# T ball stand



## moonie (Jun 18, 2010)

I now this sounds like a DIY question but has any one buildt a T ball stand.Me and the wife got ower grand child a glove and her shoe's but I never seen a T ball stand how tall is it and can I build it out of wood and remember I have 10 more grand childen to fow her any help would be nice again I apologies


----------



## HanselCJ (Feb 11, 2010)

my dad built me one when i was a kid. It was a plywood base, a flange and metal pipe came up, and there was some kind of thick rubber hose that you would put the ball on. It might have been insulation, but it was thick and heavy duty. If you use hose clamps you can adjust the height if need be.


----------



## wapakfred (Jul 29, 2011)

That was more or less the way I did it (30 years ago) for my kids. I used a galvanized pipe flange, and short pipe of 2" pipe (I think) and a straight radiator hose that fit over the pipe. With a hose clamp I could adjust it to the correct height.


----------



## JoeinGa (Nov 26, 2012)

Fred's got it. A short, straight radiator hose from the auto parts place.


----------



## cmaxnavy (Dec 23, 2007)

Precious!


----------



## mojapitt (Dec 31, 2011)

Height wise, you want the ball about elbow high for the granddaughter. Maybe make it somewhat adjustable.


----------



## chrisstef (Mar 3, 2010)

Id like her take a good swing and gauge the height off of that, let the top of the tee end up in the "sweet spot" of her swing. IMO, at that age, its all about the positive reinforcement. Sounds like a pretty cool little project.


----------



## Charlie5791 (Feb 21, 2012)

Look at PVC pipe too. I made one about 25 years ago. Also get some Furnco fittings. Those are the rubber "splice" kind of sleeves that you'd use to repair or join a couple pieces of pipe. They have the screw-type band clamps on each end. Flange on a plywood base, with a stub of PVC glued into the flange. Furnco fitting joins the stub to a vertical piece of pipe. (The furnco takes some of the shock of a kid hitting the pipe instead of the ball). Then I had a piece of pipe that fit inside the "main" one. It was a little bit of a sloppy fit but it didn't matter. Cut a bicycle inner tube to make fat rubber bands. Those go around the piece of pipe that slides INTO the "main" pipe. This gives you height adjustment. The smaller diameter pipe only slides into the "main" pipe as far as the rubber bands.
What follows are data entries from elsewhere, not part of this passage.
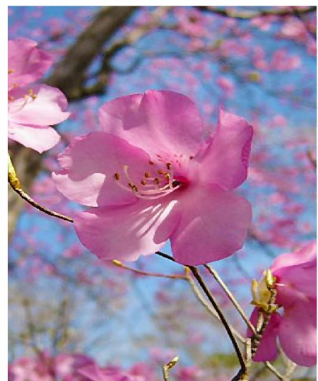
宇目のあけぼのつつじ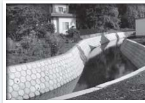
整備された赤沢川護岸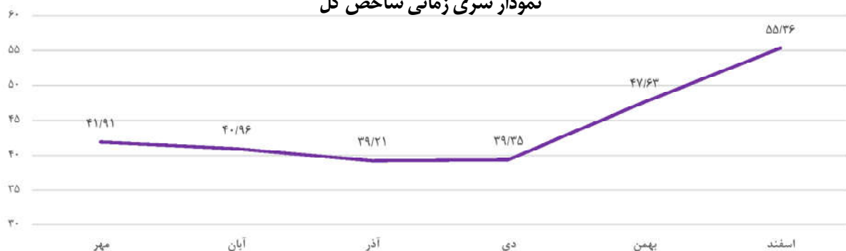
نمودار سری زمانی شاخص کل

For the "ball holder" you get another Furnco, but this one is normally for changing pipe suzes, like to join 2 inch pipe to inch and a half. You want to get one that fits that smaller diameter pipe as its SMALL end and then has a larger end facing UP to hold the ball.

So.. you have height adjustable, shock absorbant t-ball stand. Easily repairable in the field (don't GLUE anything). Also I learned not to make the base too stable. Obviously you want it stable enough to stand, but in the case where a kid strikes the stand instead of the ball, it's ok if they knock it over and that's preferable to breaking the stand.

The hardest part of the whole thing was finding the 2 pipe sizes that would work together with one sliding into the other. I believe I used a piece of PVC and a piece of ABS electrical conduit, but I could be wrong about that. It was a long time ago. That stand (I made 3 or 4 of them) was still in use at the little league diamonds about 10 years after my boys were no longer playing t-ball.


----------



## MT_Stringer (Jul 21, 2009)

Here is a pic of my grandaughter taking her first at bat in a t ball game. The Tee needs to have an adjustable height to fit the batter.

Good luck.
Mike


----------



## moonie (Jun 18, 2010)

Thanks everyone for all the great input and the pic helps alot I got home plate made and I got a 2" peice pvc and 1 1/2" as well so Im going to run down to the parts store and get some hose but I didnt thank Furnco fittings Im going to look in to that too thanks again everyone.


----------